CFICU=ON, CP=OFF For new applications that are using Unicode and code page conversion (MOVE ENCODED) but not default code page support. Therefore, the system variable *CODEPAGE is empty. It is possible to use U format variables, but it is not possible to use, for example, MOVE A TO U, since this requires the default code page information. The error NAT3411 will be issued indicating that no default code page is available.
CFICU=ON, CP=value * For new applications that are using full Unicode as well as code page support.
CFICU=OFF, CP=value * This combination is possible, but does not make sense, because code page support needs ICU services for conversion. Therefore, CFICU=ON is enforced in this case and a session initialization message is issued.

* where value is any value other than OFF.

CFICU Parameter

The parameter CFICU and its subparameters are explained in detail in the Parameter Reference. Some of the subparameters have an impact on the performance.

If collation services are used to compare Unicode strings, both strings are checked whether they are normalized or not. The check itself consumes a lot of CPU time. If you are sure that the strings are already normalized, you can switch off the check (COLNORM=OFF).
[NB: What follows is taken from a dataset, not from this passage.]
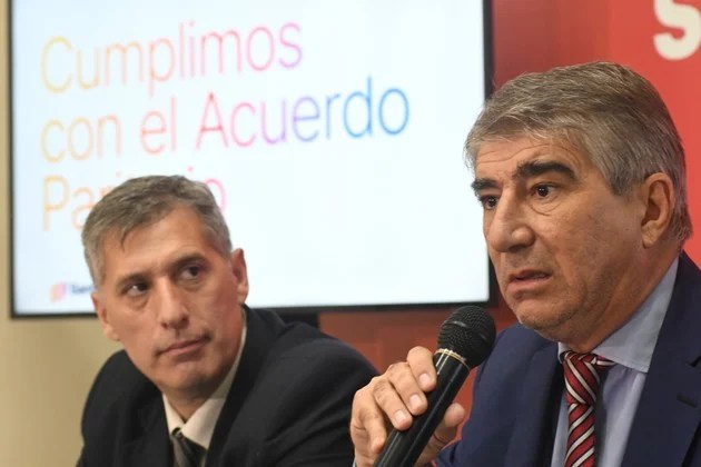 El Gobierno Provincial confirmó que saldarán la deuda de la paritaria 2023. Se trata de un 36.4%, del cual ya se abonó un 14% en enero por planilla complementaria, y ahora se completará pagando el 22,4% Es lo que faltaba de “Una paritaria que no firmó el gobierno pero que nos hacemos cargo” aseguró el Ministro de Gobierno, Fabián Bastía.
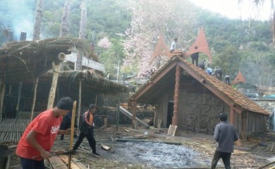 Zhavame villagers renovate Chakhesang Morung at The Naga Heritage Village, Kisama on November 13 for the forthcoming Hornbill Festival 2023. The festival will start from December 1. (Morung Photo)Maj General Ga

In Unicode, it is possible to represent the same character as one code point or as a combination of two or more code points. For example, the German character "ä" can be represented by "U+00E4" or by the combination of the code points "U+0061" and "U+0308". The conversion from Unicode to, for example, IBM01140 treats combined characters as single code points and produces an "a" followed by a substitution character since code point "U+0308" is not represented in the target code page. With CNVNORM=ON, a normalization is performed right before the actual conversion. The normalization consumes additional CPU time and temporary storage. If you are sure that no combining characters are involved in MOVE statements (except MOVE NORMALIZED), you should set CNVNORM to OFF to increase performance. Note that all possible combinations are represented by a single coded Unicode code point.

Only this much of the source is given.